TASK DETAILS
From the line containing "Ellos gardiner i" to the line containing "Goditi la magia" in the entries below, reproduce every line exactly, ends included. Nothing else belongs in the copy, and no pictures.

PROVIDED RECORDS
□ □ □ □ □

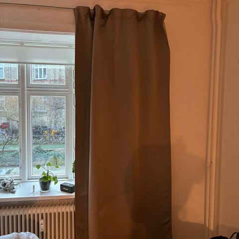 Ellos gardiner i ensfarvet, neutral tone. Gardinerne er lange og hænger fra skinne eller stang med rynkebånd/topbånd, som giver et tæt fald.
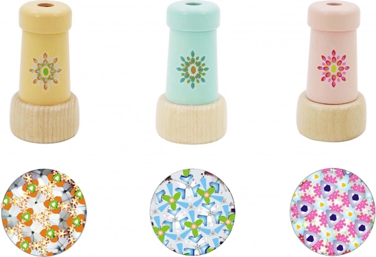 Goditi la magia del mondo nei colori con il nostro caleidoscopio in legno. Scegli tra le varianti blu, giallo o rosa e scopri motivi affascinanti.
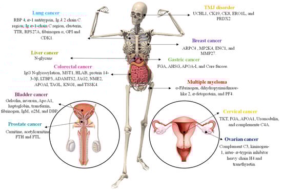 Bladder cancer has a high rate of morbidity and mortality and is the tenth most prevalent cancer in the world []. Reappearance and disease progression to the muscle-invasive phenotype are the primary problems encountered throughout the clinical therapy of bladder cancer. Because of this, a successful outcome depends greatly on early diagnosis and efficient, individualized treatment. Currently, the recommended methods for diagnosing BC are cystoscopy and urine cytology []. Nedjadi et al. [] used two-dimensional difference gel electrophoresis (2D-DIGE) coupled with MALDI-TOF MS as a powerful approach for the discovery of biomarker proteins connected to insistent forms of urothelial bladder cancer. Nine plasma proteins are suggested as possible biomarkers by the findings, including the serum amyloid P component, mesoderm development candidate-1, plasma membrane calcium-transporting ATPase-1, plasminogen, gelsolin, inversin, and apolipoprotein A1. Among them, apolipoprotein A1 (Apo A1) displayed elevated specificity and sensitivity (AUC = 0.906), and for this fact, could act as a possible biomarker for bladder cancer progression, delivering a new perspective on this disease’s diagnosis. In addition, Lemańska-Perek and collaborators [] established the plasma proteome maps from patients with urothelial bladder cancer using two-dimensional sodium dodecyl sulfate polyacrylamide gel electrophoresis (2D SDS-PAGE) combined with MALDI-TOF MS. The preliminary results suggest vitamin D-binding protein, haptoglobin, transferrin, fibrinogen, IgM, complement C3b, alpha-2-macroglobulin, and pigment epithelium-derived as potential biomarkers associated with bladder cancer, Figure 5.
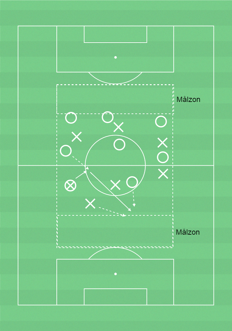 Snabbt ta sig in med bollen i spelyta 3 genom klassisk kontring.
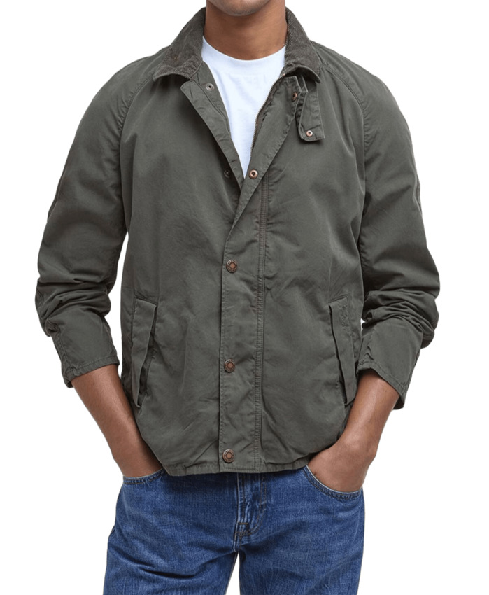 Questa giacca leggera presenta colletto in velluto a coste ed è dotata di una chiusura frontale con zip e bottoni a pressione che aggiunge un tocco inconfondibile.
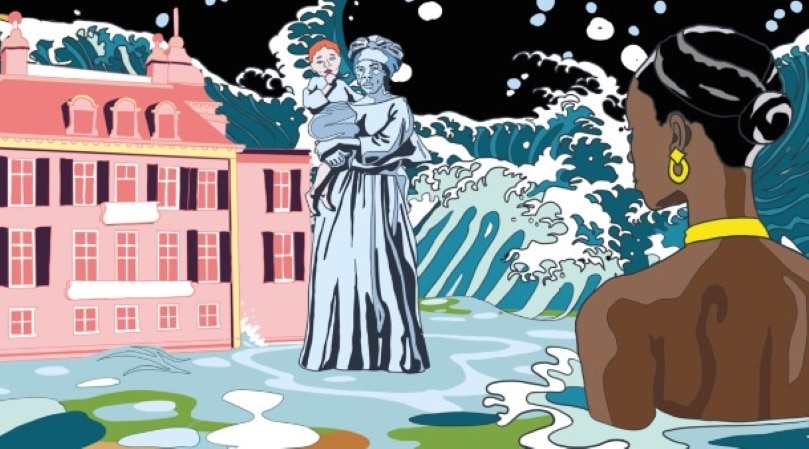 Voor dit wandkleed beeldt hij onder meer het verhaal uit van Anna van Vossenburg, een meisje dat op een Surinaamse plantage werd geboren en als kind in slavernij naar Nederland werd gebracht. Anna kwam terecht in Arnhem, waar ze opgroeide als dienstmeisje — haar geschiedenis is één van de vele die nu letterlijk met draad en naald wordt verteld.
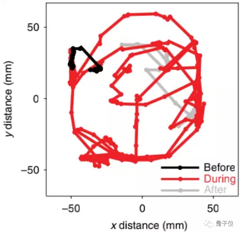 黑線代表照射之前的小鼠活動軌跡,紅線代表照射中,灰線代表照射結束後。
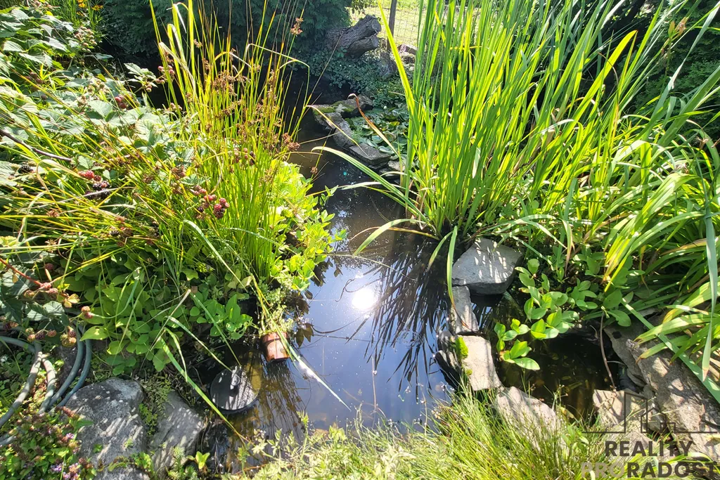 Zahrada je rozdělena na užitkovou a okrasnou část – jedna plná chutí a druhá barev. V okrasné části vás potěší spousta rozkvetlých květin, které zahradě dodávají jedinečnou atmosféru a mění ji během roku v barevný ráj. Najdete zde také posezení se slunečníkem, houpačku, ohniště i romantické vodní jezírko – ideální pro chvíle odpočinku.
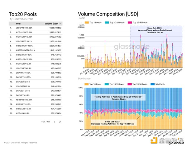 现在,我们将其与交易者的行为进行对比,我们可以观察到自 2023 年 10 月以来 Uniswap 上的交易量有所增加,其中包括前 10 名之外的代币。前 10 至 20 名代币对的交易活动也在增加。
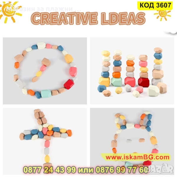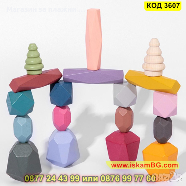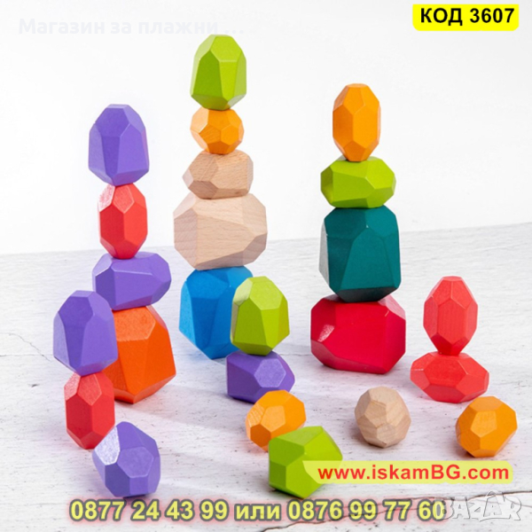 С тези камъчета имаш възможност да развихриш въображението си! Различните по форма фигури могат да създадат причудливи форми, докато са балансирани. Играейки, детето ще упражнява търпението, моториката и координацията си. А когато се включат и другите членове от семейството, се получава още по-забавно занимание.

□ □ □ □ □

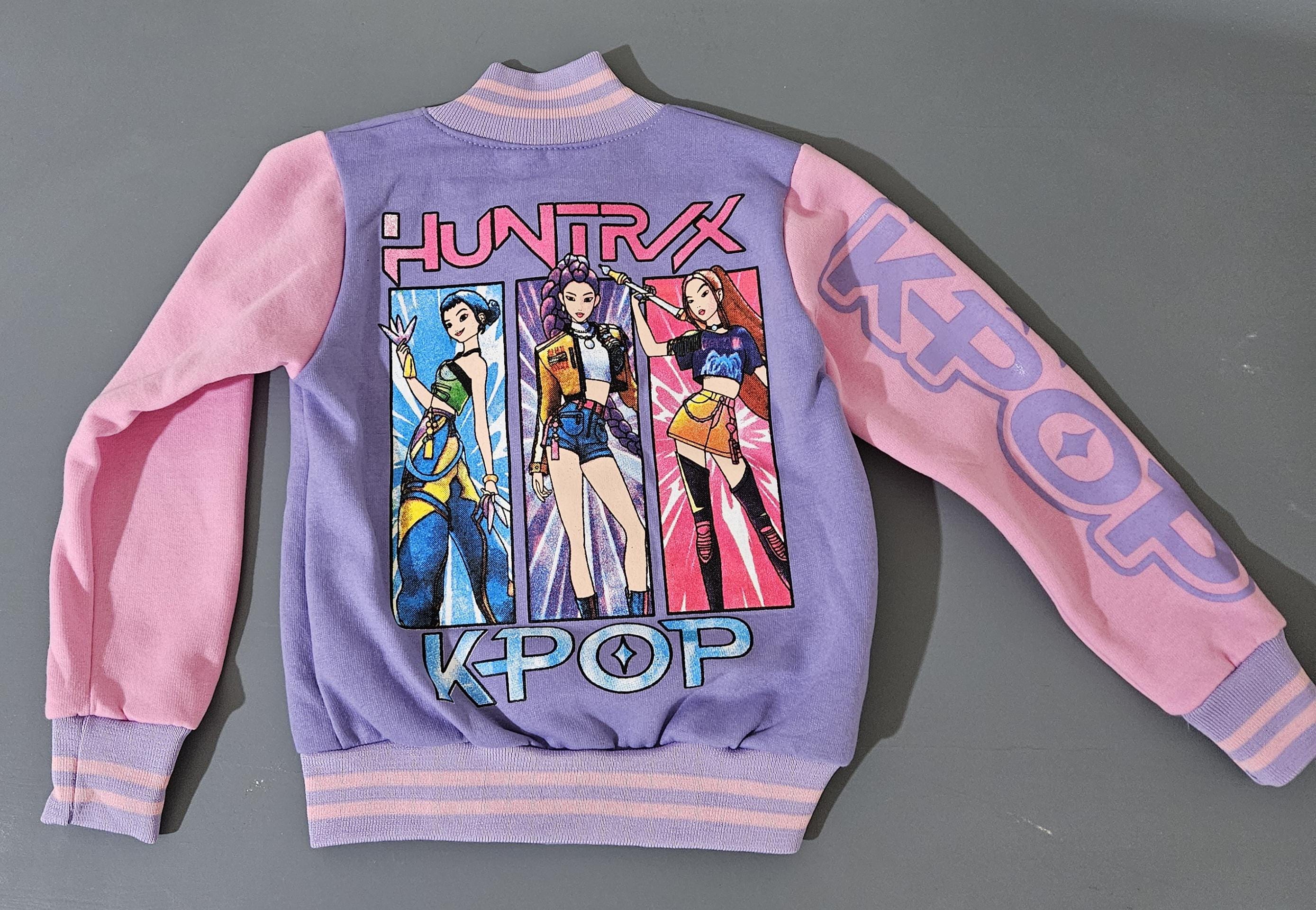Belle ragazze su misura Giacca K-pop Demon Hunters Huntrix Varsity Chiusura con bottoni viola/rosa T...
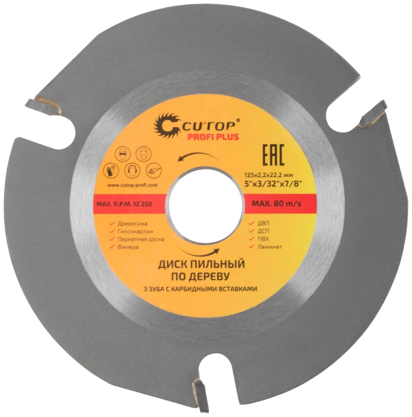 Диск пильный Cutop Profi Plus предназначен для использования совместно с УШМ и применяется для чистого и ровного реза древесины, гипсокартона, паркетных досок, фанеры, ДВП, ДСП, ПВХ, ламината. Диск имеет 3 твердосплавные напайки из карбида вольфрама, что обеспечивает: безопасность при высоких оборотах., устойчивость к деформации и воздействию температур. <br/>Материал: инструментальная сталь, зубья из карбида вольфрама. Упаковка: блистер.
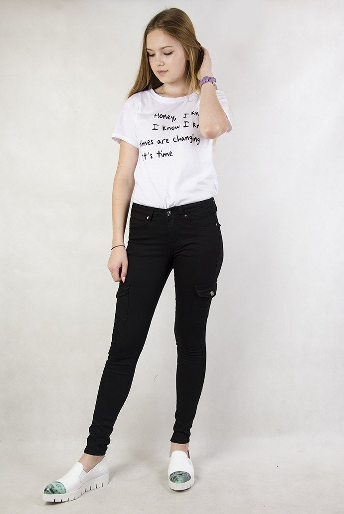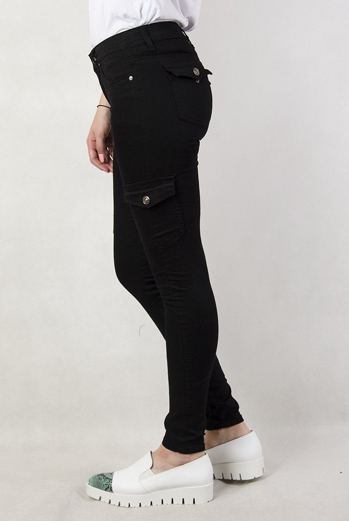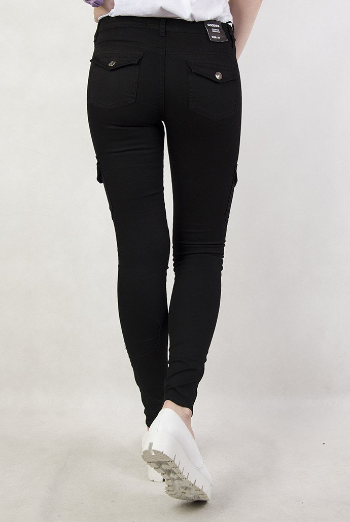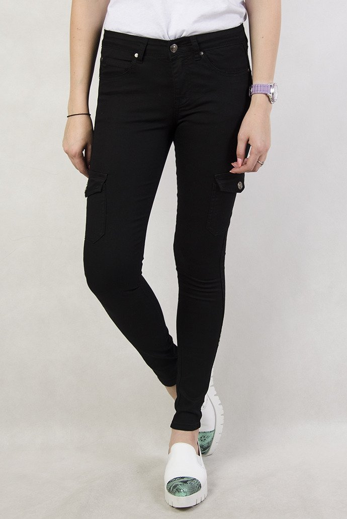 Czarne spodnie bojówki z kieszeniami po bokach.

□ □ □ □ □

RESPONSE TO THIS TASK
 Ellos gardiner i ensfarvet, neutral tone. Gardinerne er lange og hænger fra skinne eller stang med rynkebånd/topbånd, som giver et tæt fald.
 Goditi la magia del mondo nei colori con il nostro caleidoscopio in legno. Scegli tra le varianti blu, giallo o rosa e scopri motivi affascinanti.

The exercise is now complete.